As the director of his hospital’s Center of Transplantation, Dr. Langnas oversees all liver, kidney, intestinal and pancreas transplants at the University of Nebraska Medical Center (UNMC) in Omaha. In a more hands-on role, he directs the center’s liver and intestinal transplantation programs, spending much of his time in the operating room. He also supervises several treatment programs for people with liver, pancreatic or intestinal diseases who don’t need transplants.

During his nearly 25 years with UNMC, Dr. Langnas has assumed progressively greater administrative responsibilities. And since 1997, he has been the program director of the transplantation surgery fellowship that he himself completed a decade prior.

“Alan Langnas has an incredible amount of enthusiasm for and involvement in the field of transplant surgery, but he is not someone who goes around boasting of his accomplishments,” says Glenn Fosdick, CEO of the Nebraska Medical Center, UNMC’s teaching hospital in Omaha. “I remember one scenario in which we were doing four pediatric liver transplants on the same day, using four teams. I suspected this was a first for any medical center in the U.S. and suggested to Alan that we get the word out to the press. He initially said, ‘Maybe next time.’ I had to push for him to speak to the media.”

UNMC does approximately 120 liver transplants a year, drawing patients from all over the country, and has developed an international reputation in both pediatric liver and small bowel transplantation. Dr. Langnas expanded UNMC’s liver transplantation program and pioneered its intestinal transplantation program, one of only a handful of such programs in the country.
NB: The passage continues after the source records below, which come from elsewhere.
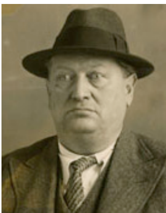
Rudolf von Sebottendorff (1875-1945). Frimurer, okkultist og grundlægger af Thuleselskabet.

hjelme med hagekors. Revolutionen lykkedes, den bayerske sovjetrepublik var for en stund en realitet, og fra det stærkt højreorienterede miljø i München begyndte man nu at forme det netværk af Thule-medlemmer, som skulle præge landet i de kommende år.
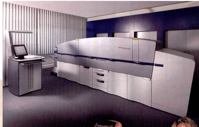
Mit Kodak Nexpress lassen sich digitale Druckaufträge realisieren wie die boomenden gebundenen Fotoalben.
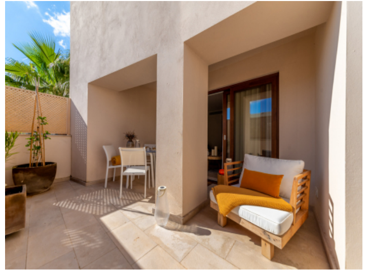
Private Terrasse mit Lounge
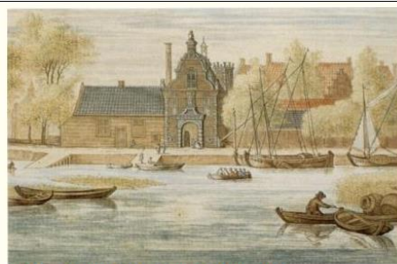
Links van de poort de Kleine Volmolen (Veerstal)

Aan het einde van de Peperstraat (links) heeft “De Kleine Volmolen” gestaan. Deze is gebouwd in 1620 om wol te “vullen”, een onderdeel van de lakenindustrie, waarbij wordt gebeukt op vochtig laken om het weefsel een vastere structuur te geven. Voor die tijd werd dit door mensen (voeten) gedaan. Al in 1414 was er een duiker door de IJsseldijk gegraven die uitkwam op de gracht van de Peperstraat. Boven deze duiker werd “De Kleine Volmolen” in gebruik genomen.
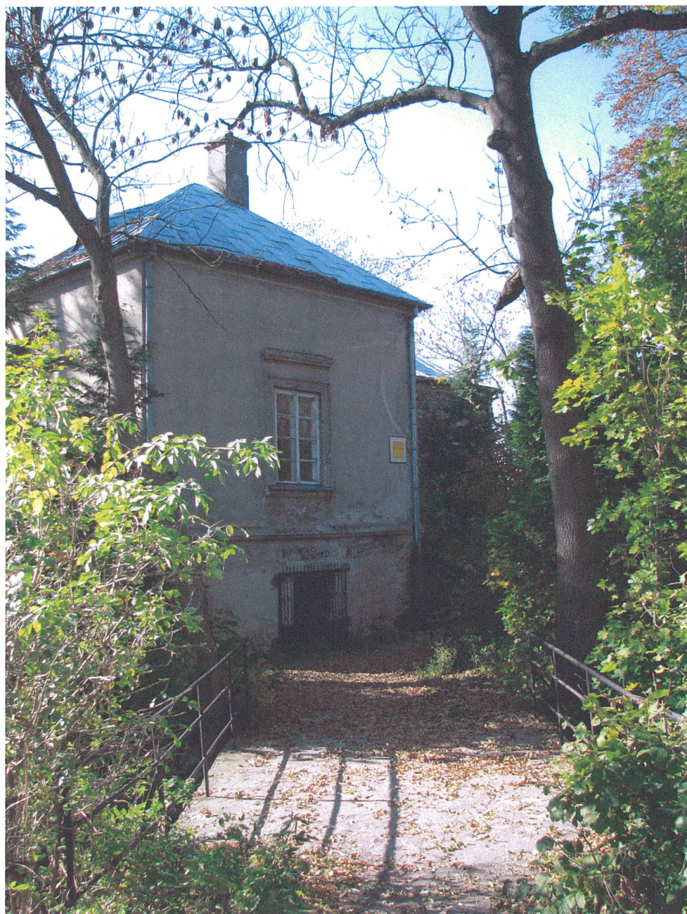
Fot.8. Siemkowice. Mostek prowadzący na wyspę z dworem
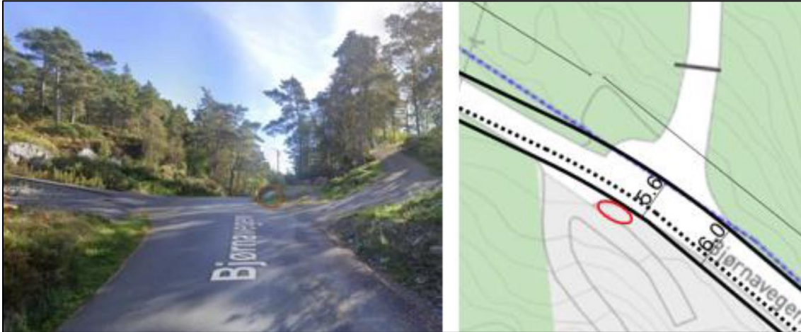
Figur 5 og 6: Utsnitt frå Google Street View og skisse. Skålgropsteinen er markert med raud ring.

På bakketoppen ligg det ein skålgropstein frå bronsealder som er automatisk freda. For å unngå å kome i konflikt med steinen er vegen difor justert mot nord før ein kjem til bakketoppen.

“It was really by chance that I got into transplant surgery,” says Dr. Langnas, who trained in general surgery at Botsford Hospital in Farmington Hills, Mich. “I had already accepted a job as a general surgeon but learned of an unexpected opening in a transplant surgery fellowship at Henry Ford Hospital in Detroit and decided to go for it.” Afterwards, he completed a second fellowship, at UNMC, his passion for transplantation growing ever-stronger.

“For all of us in medicine, the most gratifying part is being able to help people. In transplantation, this feeling can be even more intense,” Dr. Langnas says. “Because we are taking care of people who are terribly sick and giving them a life-saving organ transplant, the results we see in patients and their families can be quite dramatic. From the practitioner’s point of view, this is very rewarding.”

Compassionate care

“Dr. Langnas is just outstanding—compassionate, diligent about details, a very good leader,” says Joann Schaefer-Haines, MD, one of his liver transplant patients. “He is also very humble.”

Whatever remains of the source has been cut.